I feel a bit confused about this behavior, as I would not expect such a significant difference. I have attached my files to this thread if needed. It is worth noting that I am using Singularity to run on both the cluster and my personal laptop. Additionally, since everything is running on a single node, I did not use qp_srun.

Here my slurm file:

#!/usr/bin/env bash
#SBATCH --job-name=cc-pvqz
#SBATCH --nodes=1
#SBATCH --tasks-per-node=1
#SBATCH --cpus-per-task=1
#SBATCH --time=4-0:00:00
#SBATCH --cluster=smp
#SBATCH --partition=smp
#SBATCH --mem=150G
#SBATCH --exclude=smp-n214,smp-n215

module load singularity/3.9.6

# Copy inputs to scratch
cd $SLURM_SCRATCH
cp $SLURM_SUBMIT_DIR/* $SLURM_SCRATCH

#Load the environment
singularity exec qp2_master.sif bash -c "bash script.sh"

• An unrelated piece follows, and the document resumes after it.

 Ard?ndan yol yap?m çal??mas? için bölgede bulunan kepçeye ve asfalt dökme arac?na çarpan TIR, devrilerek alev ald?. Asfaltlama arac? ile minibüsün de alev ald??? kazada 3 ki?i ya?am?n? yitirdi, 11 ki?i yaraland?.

# Copy outputs to submit directory
cp -r $SLURM_SCRATCH/* $SLURM_SUBMIT_DIR

In case it is relevant, the singularity was build using the master and gfortran_avx.cfg.

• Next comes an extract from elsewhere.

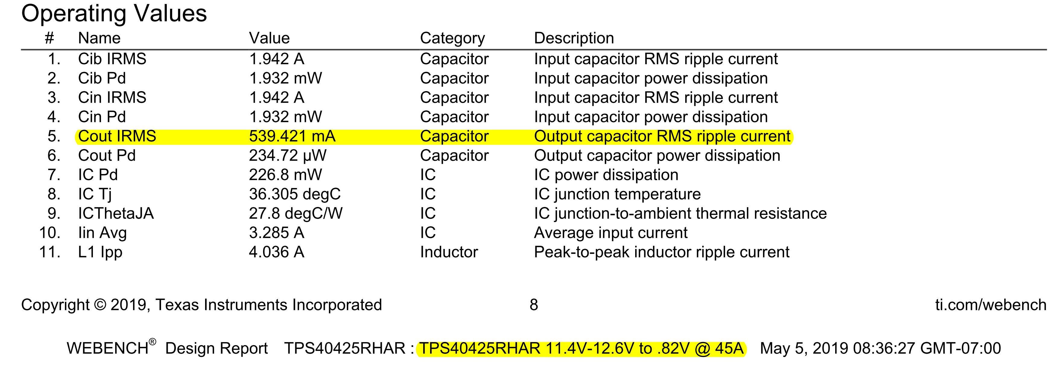 I would like to calculate the ripple current for the output capacitors by using Equation 2.

Any help or insights would be appreciated.

Best regards

[scemama]

Hello,

using the gfortran_avx configuration, you are using a default BLAS library which is very inefficient. I strongly recommend you to use MKL instead (gfortran_mkl) or OpenBLAS.

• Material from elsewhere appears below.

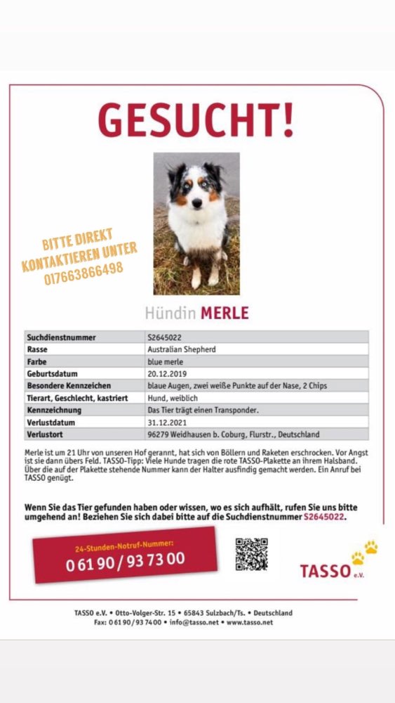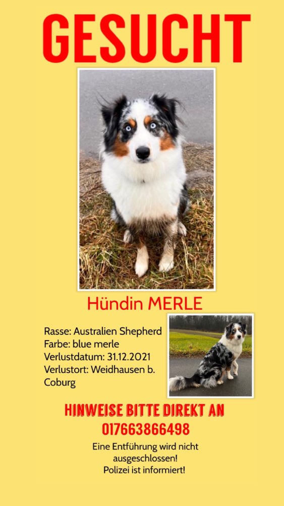 Hund Merle wird in Weidhausen b.Coburg vermisst!

Until version 13 of gfortran, the performance obtained with the intel compiler was much better than with gfortran, but gfortran has improved a lot recently. So I suggest that you try a more recent version of gfortran or the intel compiler.

Don't use the ifx compiler from intel: last time I tried it it was very slow and full of bugs, so I will not trust it before a few years. You should ifort, which is much more robust and fast.

On your laptop, are you also using the same singularity container? I suspect that the version used on your laptop is linked with MKL, or compiled with a better compiler than the container, which would explain this behavior. If you are using the same singularity container on both machines, that would be really strange... or you laptop is amazing ;-)

You can find here a singularity container that I have built ~6 months ago, compiled with the intel compiler and linked with MKL (be careful to choose the amd64 version and not the arm64 version):
https://cloud.sylabs.io/library/scemama/trex/qp2-qmcchem
you can give a try with this container to see if you get an improvement.

Here is the repository containing the recipes to build the singularity container if you need to make some adjustments:
https://github.com/TREX-CoE/trex-containers?tab=readme-ov-file

Let me know if you were able to solve the problem with this information. If not, we can organize a zoom to look together what is going wrong.

Best,
Anthony

[NastaMauger]

Thank you for your reply.

I realized that I completely messed up the compiler on my laptop. The compiler I used to compile and run the code was different, which led to this weird behavior. I also realized that my laptop was faster not only because of the compiler/library but also because I was using all my CPUs, while the one running on the cluster used the default BLAS library and only one CPU. This misunderstanding of OpenMP is something you have helped me clarify in this thread (#349).

Using your GitHub, I was able to build a "clean" Singularity image without any issues. It might be beneficial to add a link to this singularity GitHub repository on the official qp2 site/github for new users.

Thank you so much for your time and for addressing this silly issue!

Best

[scemama]

Using your GitHub, I was able to build a "clean" Singularity image without any issues. It might be beneficial to add a link to this singularity GitHub repository on the official qp2 site/github for new users.

Sure! I will put it in the README. Thanks for the suggestion.